Add OTel metrics infrastructure for ingestion stats:

  1. New OTel Stats Class (IngestionOtelStats.java)

    • Defines OTel metrics using MetricEntityState* classes
    • Supports dimensional metrics with version classification (CURRENT/FUTURE/BACKUP)
    • Thread-safe version info updates using volatile + immutable pattern
  2. New Async Metric Support (AsyncMetricEntityStateOneEnum.java)

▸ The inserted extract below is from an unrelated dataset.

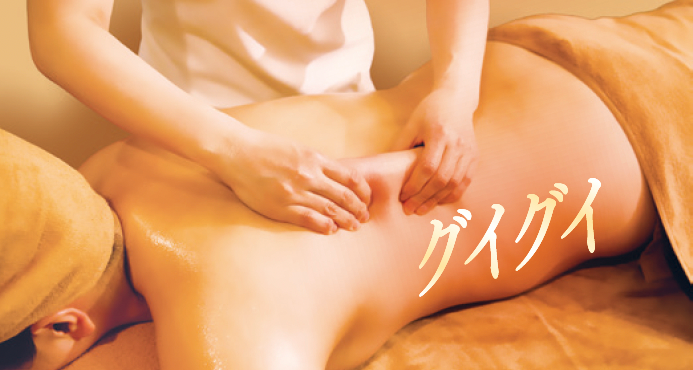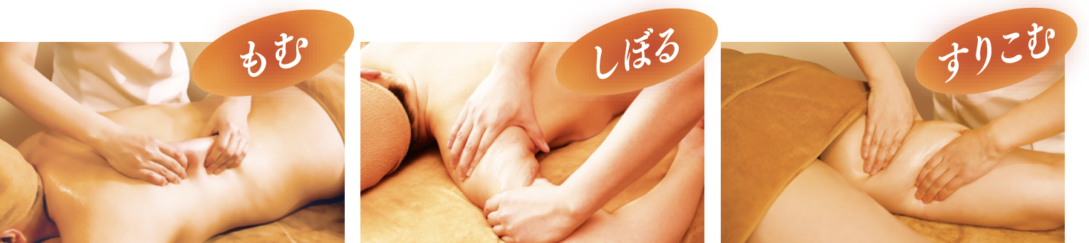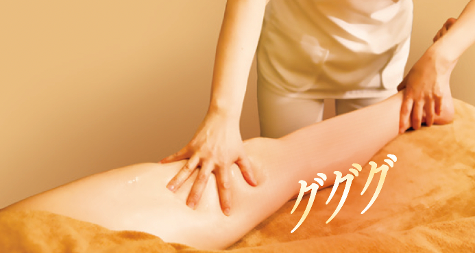 ハーブをすりこむように上昇円運動。気になる太ももやお尻、二の腕、腰まわりはしぼるようなテクニックで徹底的にケアします。

    • Callback-based metric recording where OTel polls values via supplier functions
    • Used for metrics like pending bytes/records that read from existing state
  3. New Dimension Enums

    • VeniceDCREvent - DCR event types (TOMBSTONE, DUPLICATE, UPDATE_IGNORED, etc.)
    • VeniceIngestionComponent - Source components (KAFKA_CONSUMER, KAFKA_PRODUCER, etc.)
    • VeniceDestinationIngestionComponent - Destination components (STORAGE_ENGINE, KAFKA)
    • VeniceRegionLocality - Region locality (LOCAL, REMOTE)
  4. Shared Utilities

    • OtelStatsUtils.java - VersionInfo holder, classifyVersion logic
    • IngestionStatsUtils.java - Task value extraction utilities
  5. Integration (AggVersionedIngestionStats.java)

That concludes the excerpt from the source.